(SOURCE DATA):
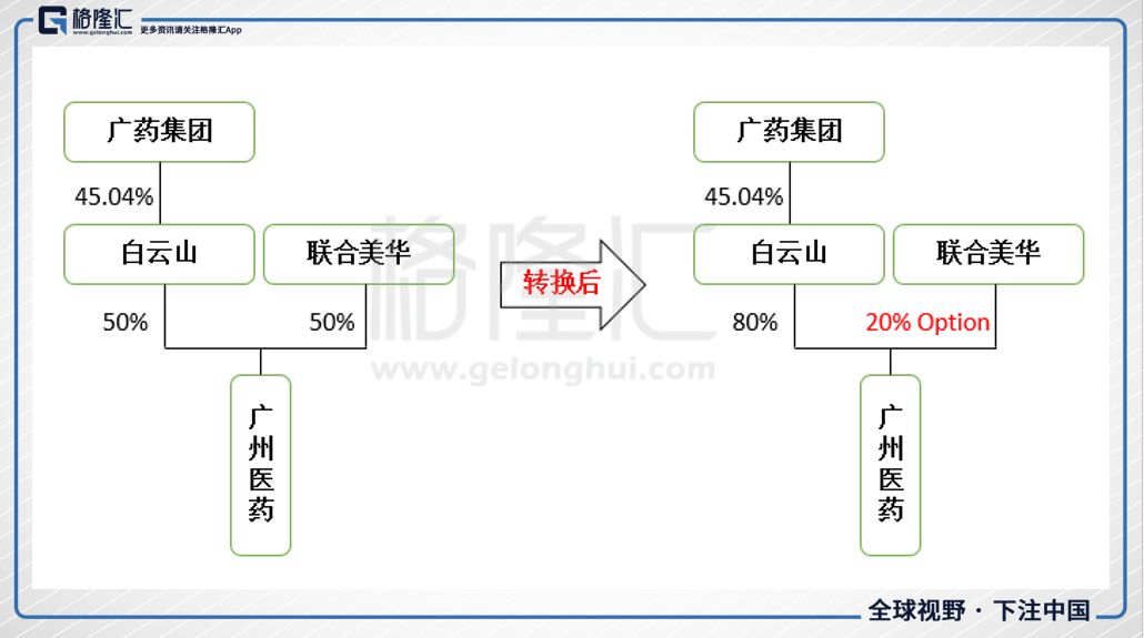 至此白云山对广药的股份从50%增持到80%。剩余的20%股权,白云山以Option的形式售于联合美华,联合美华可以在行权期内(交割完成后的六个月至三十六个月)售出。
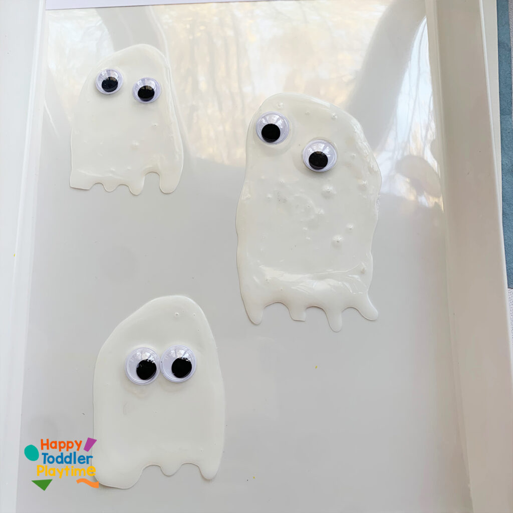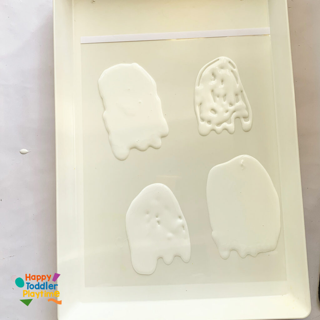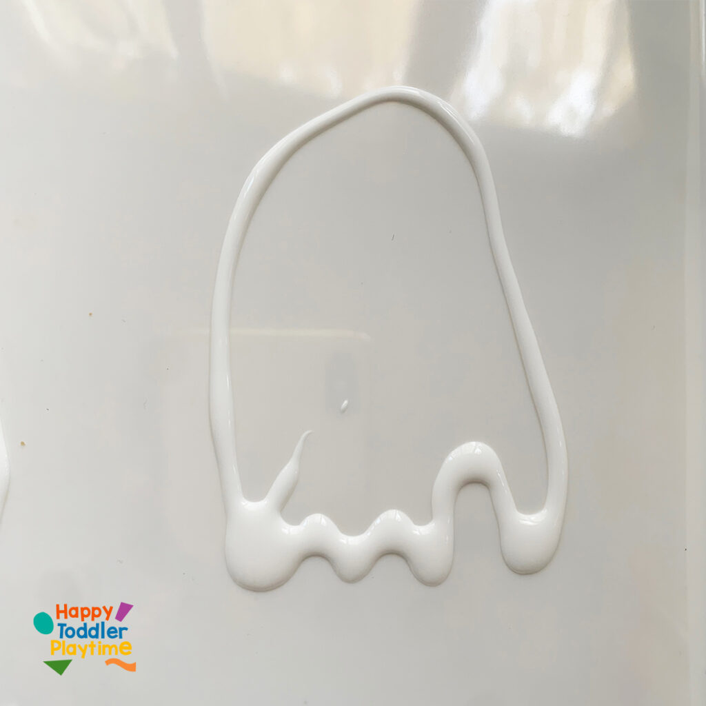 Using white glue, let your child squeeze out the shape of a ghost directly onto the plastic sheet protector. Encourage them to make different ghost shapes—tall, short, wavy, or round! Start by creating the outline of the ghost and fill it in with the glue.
* * *
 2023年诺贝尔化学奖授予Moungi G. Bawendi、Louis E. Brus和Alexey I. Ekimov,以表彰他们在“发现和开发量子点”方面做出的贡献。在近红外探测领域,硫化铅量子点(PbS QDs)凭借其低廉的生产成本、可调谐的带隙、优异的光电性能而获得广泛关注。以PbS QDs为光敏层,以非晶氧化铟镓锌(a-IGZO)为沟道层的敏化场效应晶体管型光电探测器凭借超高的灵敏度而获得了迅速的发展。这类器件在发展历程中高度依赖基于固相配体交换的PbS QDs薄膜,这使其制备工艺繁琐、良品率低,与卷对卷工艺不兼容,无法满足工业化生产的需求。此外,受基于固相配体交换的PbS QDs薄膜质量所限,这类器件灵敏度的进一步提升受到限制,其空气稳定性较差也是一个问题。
...
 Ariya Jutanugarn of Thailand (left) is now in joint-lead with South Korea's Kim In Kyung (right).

(WHAT YOU WILL DO): For this exercise, reproduce exactly the lines of the records above from the one with "至此白云山对广药的股份从50" up to and including the one with "Using white glue, let", without pictures.

(EXERCISE RESPONSE):
 至此白云山对广药的股份从50%增持到80%。剩余的20%股权,白云山以Option的形式售于联合美华,联合美华可以在行权期内(交割完成后的六个月至三十六个月)售出。
 Using white glue, let your child squeeze out the shape of a ghost directly onto the plastic sheet protector. Encourage them to make different ghost shapes—tall, short, wavy, or round! Start by creating the outline of the ghost and fill it in with the glue.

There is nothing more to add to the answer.